= Stephen Thomas (architect) =

American architect

Stephen Thomas was an architect who practiced mainly in Charleston, South Carolina for about 27 years.

He was born in Charleston to Stephen and Agnes C. (Wilkie) Thomas on October 13, 1892. After attending grade school in Charleston, he attended the Georgia School of Technology and also the Alabama Polytechnic Institute. He served in both World War I and World War II. After having worked at the offices of other architects, Thomas opened his own firm in 1932.

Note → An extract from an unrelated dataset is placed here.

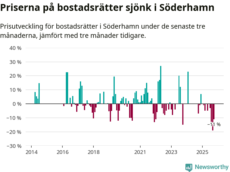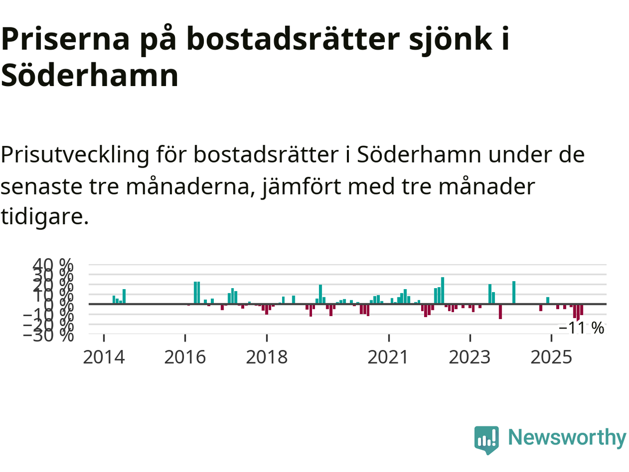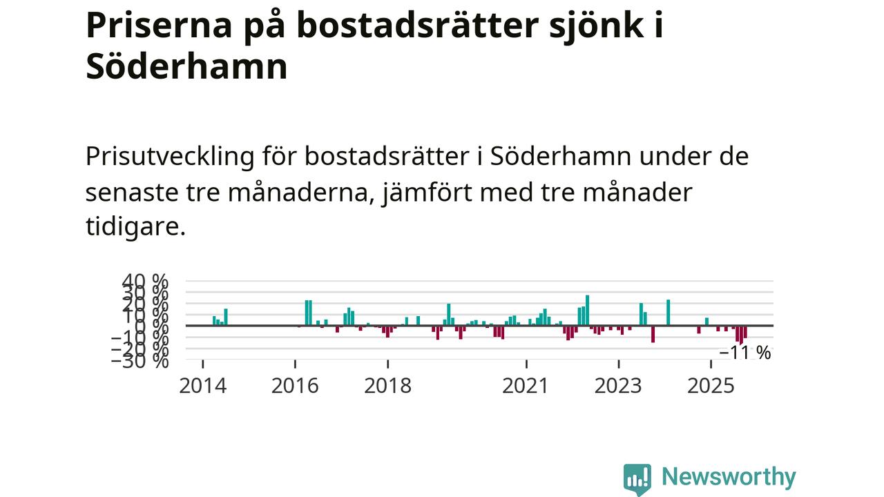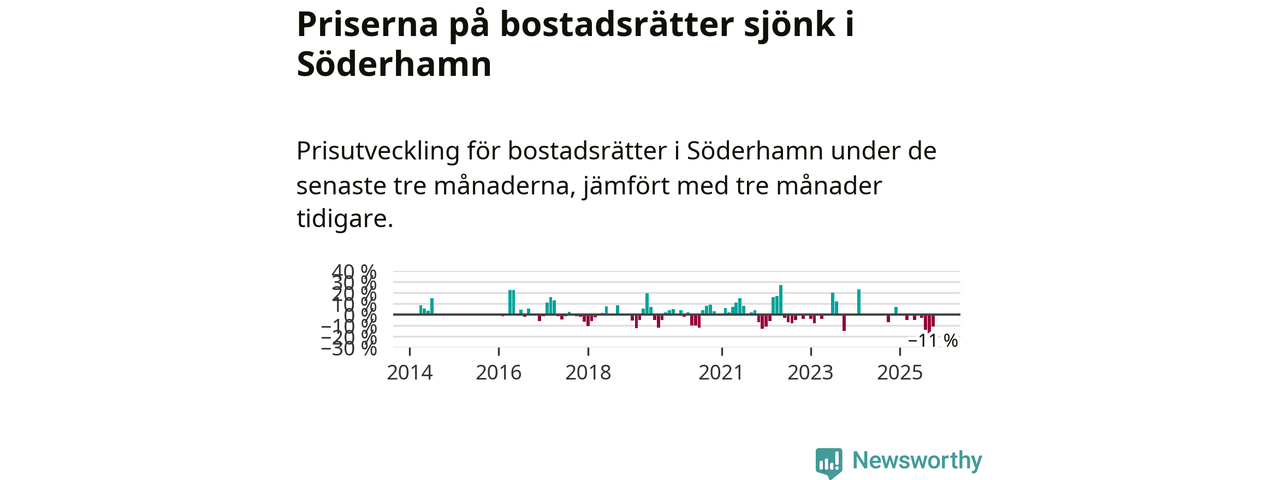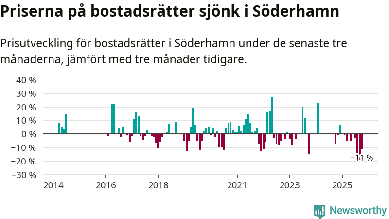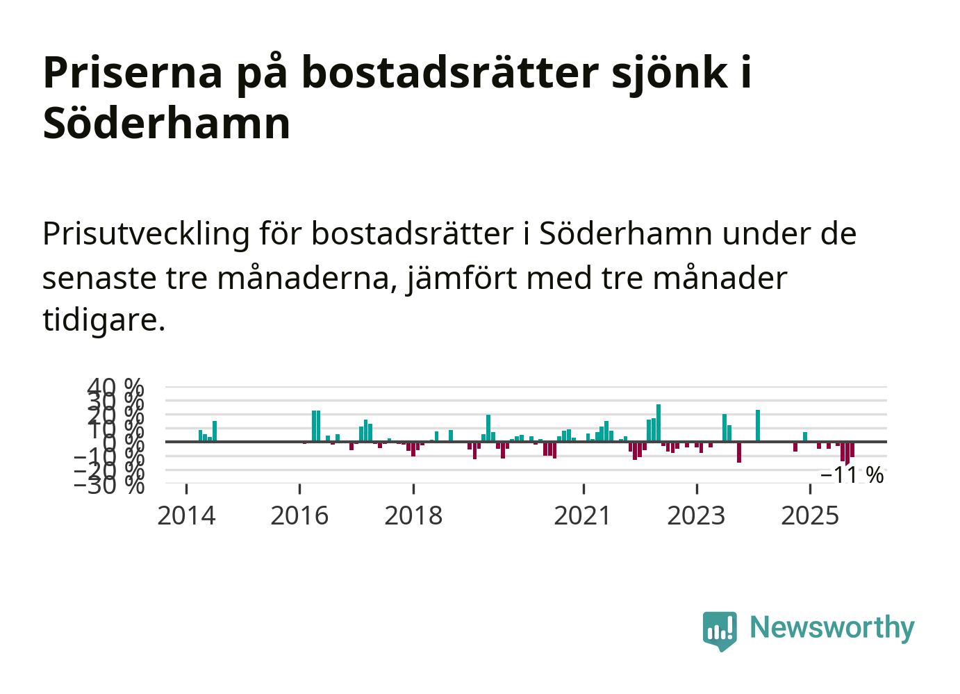 Priserna på bostadsrätter har gått ner i Söderhamns kommun. Medelpriset på försäljningarna under de senaste tre månaderna visar på en nedgång med 11 procent.

Among his notable projects were the Robert Mills Manor along Beaufain Street, the John Wesley Methodist Church, and the A. Burnet Rhett School. His residential projects were typically Colonial Revival houses including the Stephen Thomas House at 3 Shaftsbury Lane (1936); the Inez Schiadaressi House at 102 Rutledge Ave. (1937); the C.W. Blanchard House at 30 Pendleton St. (1937); the Arthur Pinckney House at 2 Canal St. (1938); the John S. Flintom House at 370 Grove St. (1938); the Eric L. Gatch House at 315 Grove St. (1938); the P.E. Trouche House at 88 South Battery (1938); 139 South Battery (1938); Sidney Rittenberg House on Murray Blvd. (1938); the Norman Chamberlain House at 14 Ashley Ave. (1938); 37 Wagener Street (1938); and the Dr. Archibald Baker House at 36 Murray Blvd. (1938).

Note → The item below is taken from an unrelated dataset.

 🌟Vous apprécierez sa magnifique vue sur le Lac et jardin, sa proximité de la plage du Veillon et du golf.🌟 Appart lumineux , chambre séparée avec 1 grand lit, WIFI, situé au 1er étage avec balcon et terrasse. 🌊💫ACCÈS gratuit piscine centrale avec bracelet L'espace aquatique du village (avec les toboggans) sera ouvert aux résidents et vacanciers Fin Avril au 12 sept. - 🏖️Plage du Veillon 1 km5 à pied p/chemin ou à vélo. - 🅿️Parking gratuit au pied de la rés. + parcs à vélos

Thomas' offices were located at 257 King Street, Charleston's principal commercial thoroughfare where he contributed to the commercial district's northward expansion and diversification. His commercial buildings housed immigrant and African American-owned businesses that contributed to a diverse and thriving commercial corridor in the early to mid-20th century, including a Chinese-owned laundry, a Greek-owned restaurant, and a Black-owned barbershop.

He died on July 13, 1949, at his home at 49 Gadsden Street, Charleston, South Carolina.